Re: GPU server status 171.67.108.21, 171.64.65.71,171.67.108.26
Posted: Mon Feb 15, 2010 6:42 pm
by SnW
Thanks for looking into this
a man can whine but must be thankfull as well
Re: GPU server status 171.67.108.21, 171.64.65.71,171.67.108.26
Posted: Mon Feb 15, 2010 6:45 pm
by Flathead74
VijayPande wrote:Note that, as far as we can tell so far, this is only an issue for people with multiple GPUs in the same box. If you're seeing it in some other case, please let us know.
I have ten (10) WUs on a single GPU system that fall into this category.
I have the Fahlogs, Work folder and queue.dat file.
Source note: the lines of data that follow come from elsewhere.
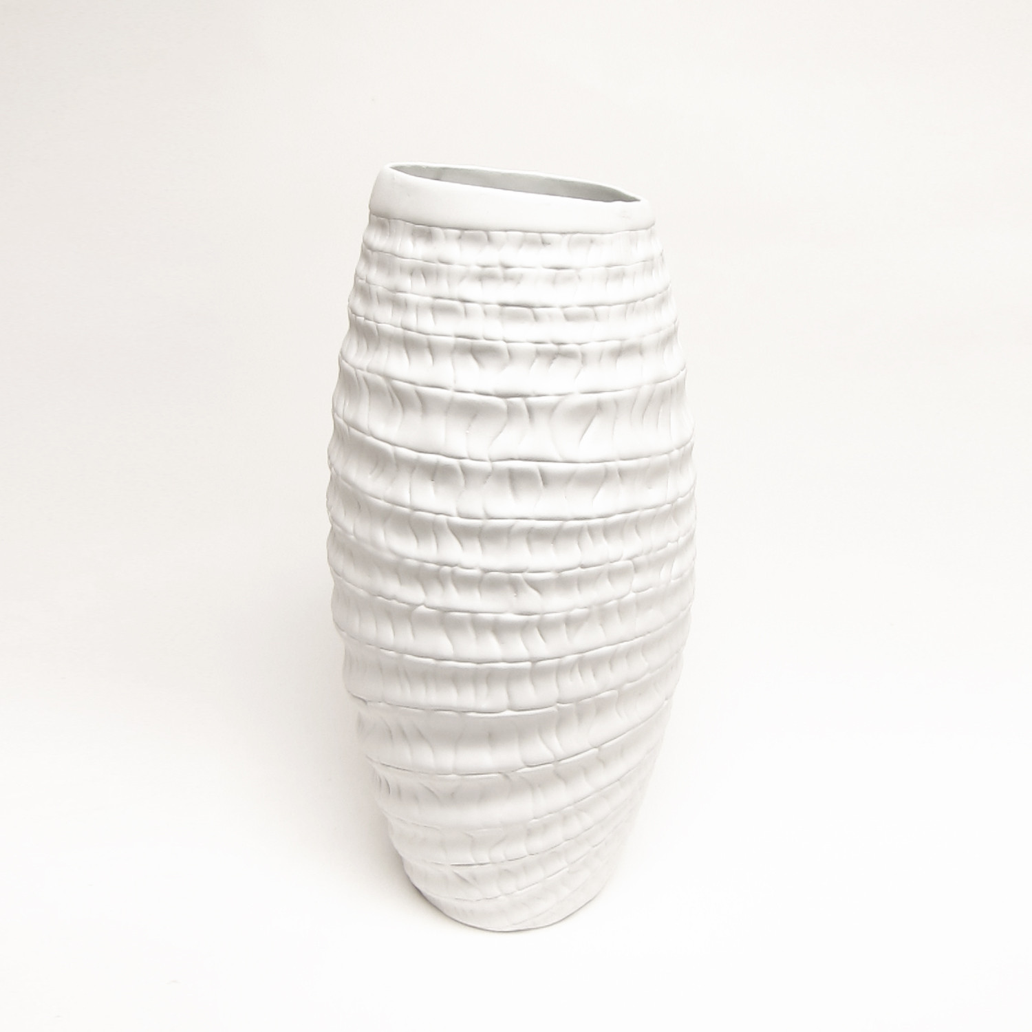 Bahari creates unexpected, seductive designs in traditional kiln-fired porcelain. This contemporary porcelain piece features a knit-like texture that enhances your choice of flowers for any occasion.
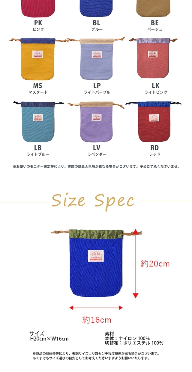 さらにナイロン製で丈夫! バイカラーがかわいい巾着です。
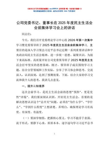 / 公司党委书记、董事长在2025年度民主生活会会前集体学习会上的讲话
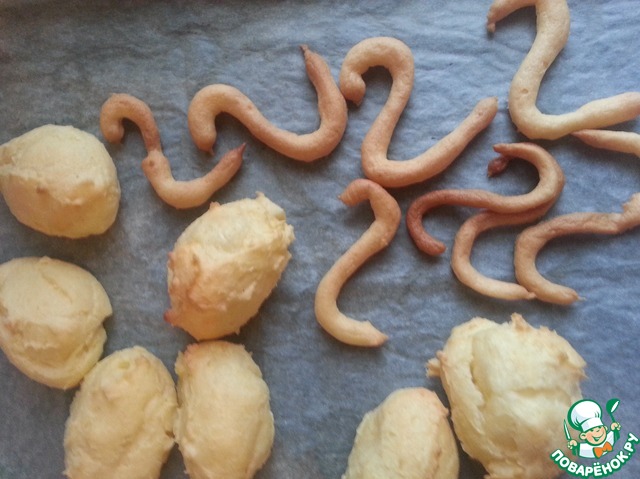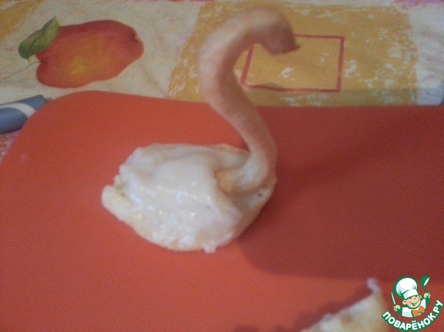 Застелить на противень пергаментную бумагу и с помощью столовой ложки выгладываем тесто. Шею наших лебедей я сделала с кондитерским мешком и выложила в форме латинской буквы S. Выпекаем в разогретой 160*С духовке 30-35минут.
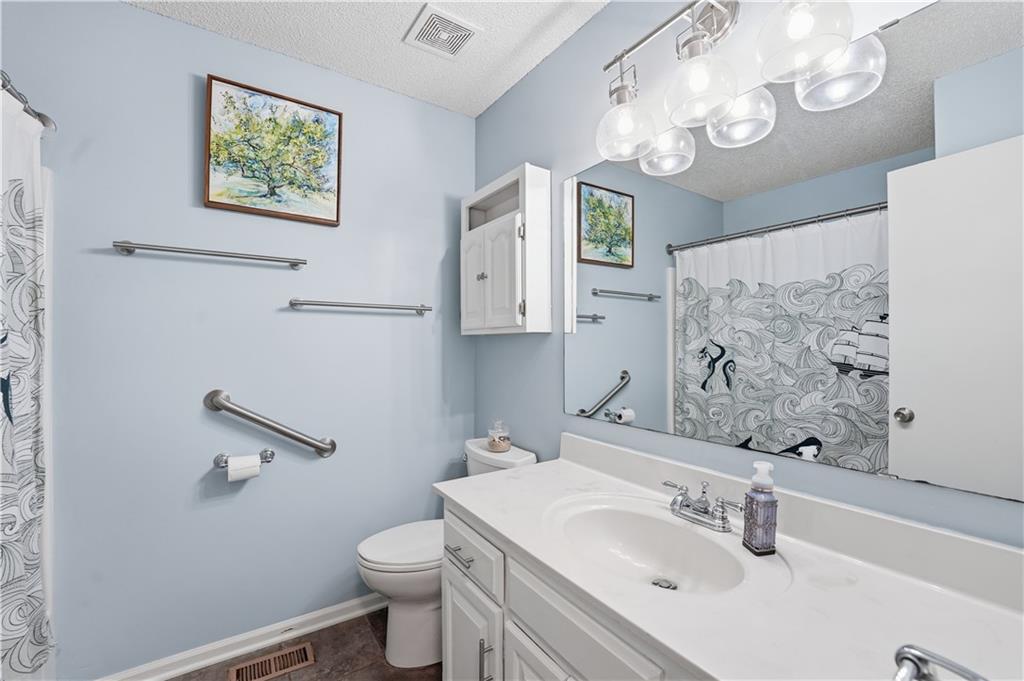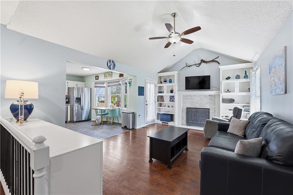 True ranch with main-level living! This well-maintained 3 bedroom, 3 bath home offers a comfortable and functional layout with everything you need on one level. The living room features vaulted ceilings and a fireplace surrounded by built-ins that create a beautiful focal point for relaxing or gathering with guests. The spacious, open kitchen includes a walk-in pantry and convenient main-floor laundry, making everyday living easy and efficient. Just off the kitchen, step outside to the deck and enjoy the peaceful backyard with mature trees. The main level includes three bedrooms and two full baths, including a comfortable primary suite. The finished lower level expands the living space with room for a theater area, office, playroom, or game room. A third full bath and a large storage area with shelving provide additional flexibility and organization. Additional improvements include sealed and insulated floor joists and a premium HVAC system with air and dust purifier that has been regularly maintained. Conveniently located near shopping, dining, fitness centers, major highways, and healthcare, and within the Staley High School boundaries, this home offers the ease of true ranch living with extra space when you need it.

Re: GPU server status 171.67.108.21, 171.64.65.71,171.67.108.26
Posted: Mon Feb 15, 2010 7:17 pm
by CBT
Works for me now.
At 15:33h UTC it picked up a new WU.
Corné
Re: GPU server status 171.67.108.21, 171.64.65.71,171.67.108.26
Posted: Mon Feb 15, 2010 7:18 pm
by goben_2003
VijayPande wrote:
Note that, as far as we can tell so far, this is only an issue for people with multiple GPUs in the same box. If you're seeing it in some other case, please let us know.
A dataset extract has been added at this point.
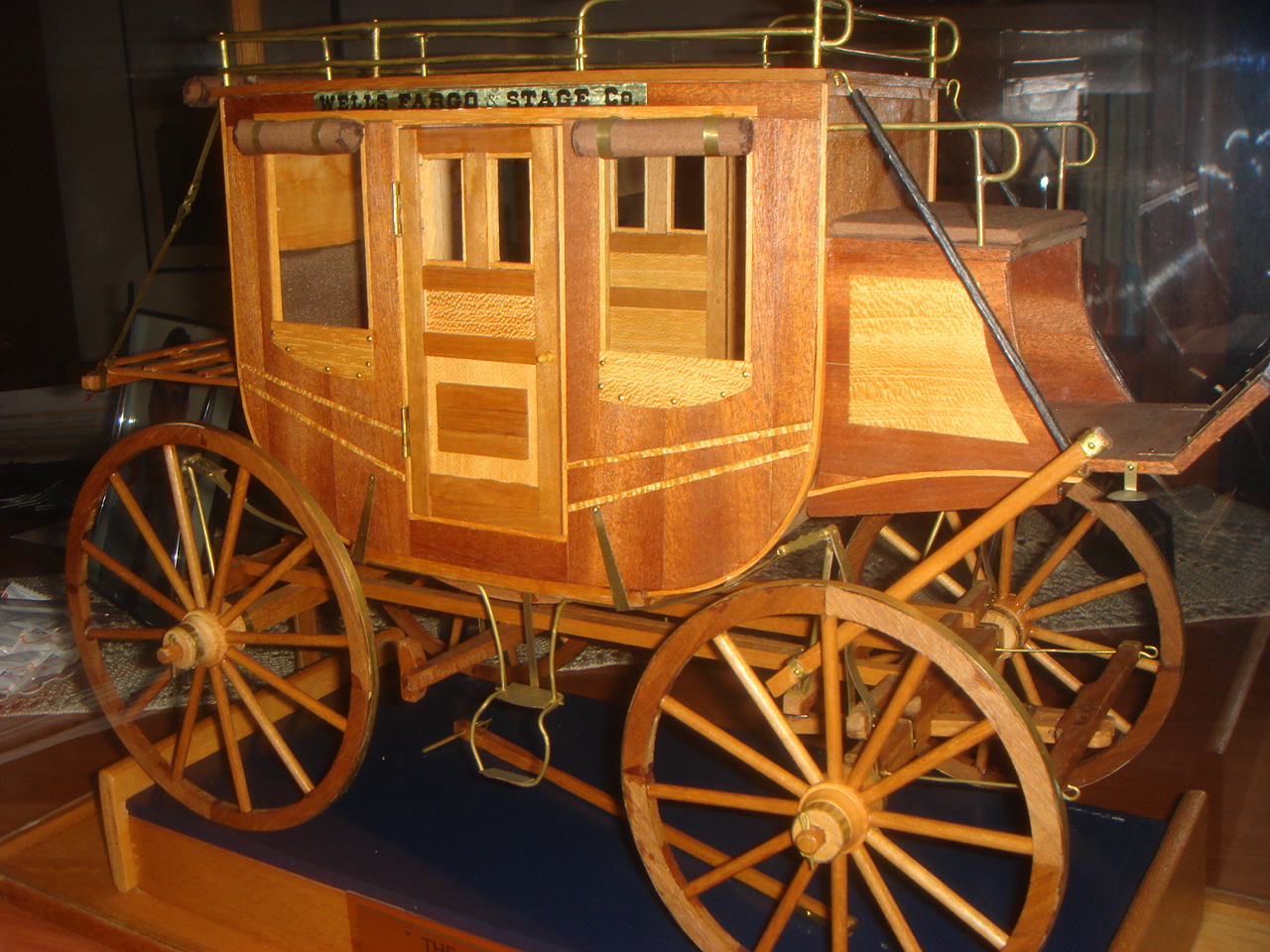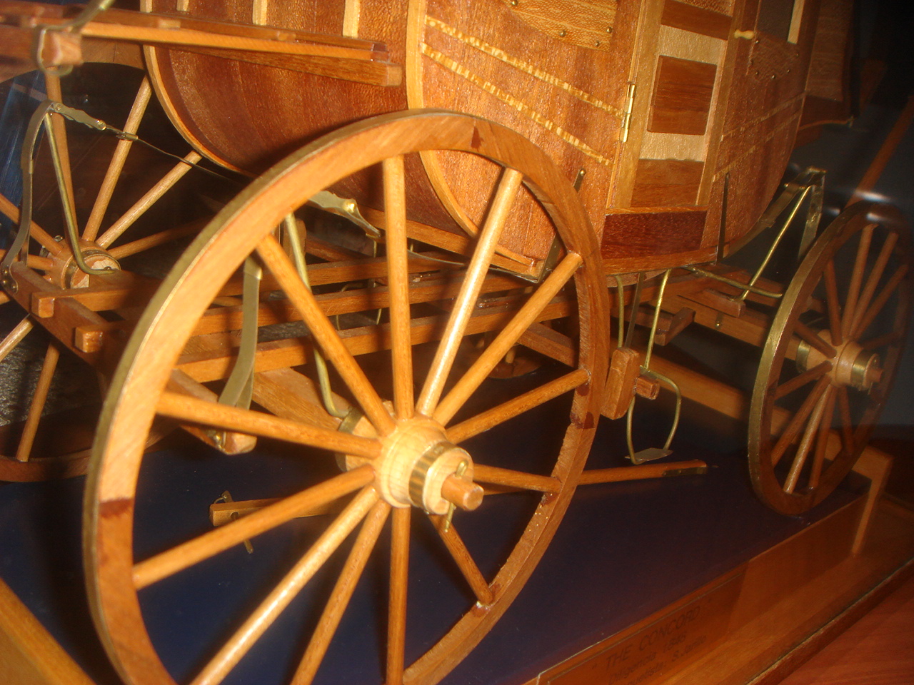 La maqueta de esta diligencia recrea concretamente la llamada "Concorde" de 1848, construida para la famosa compañía Wells Fargo de los Estados Unidos y que la factoría del cine, ha venido utilizando para ambientar las cuantiosas películas del oeste americano que se han rodado durante tanto tiempo. Entre las particularidades de este medio.

I also have four results that had Server has already received unit. This is on my single gpu 9800 gt.
Note: I can see that I received points for earlier ones on kakao stats, and it was just the last 4 before I couldn't get any more units, so I'm guessing earlier ones made it. We'll see if they send when the new unit I just got is sent in.
Edit: The points didn't show up, so I'm going to guess those four didn't make it. I'm not worried about the points, just the science. I let the client process new units since someone else would have to do the unit anyways, and it overwrote the data.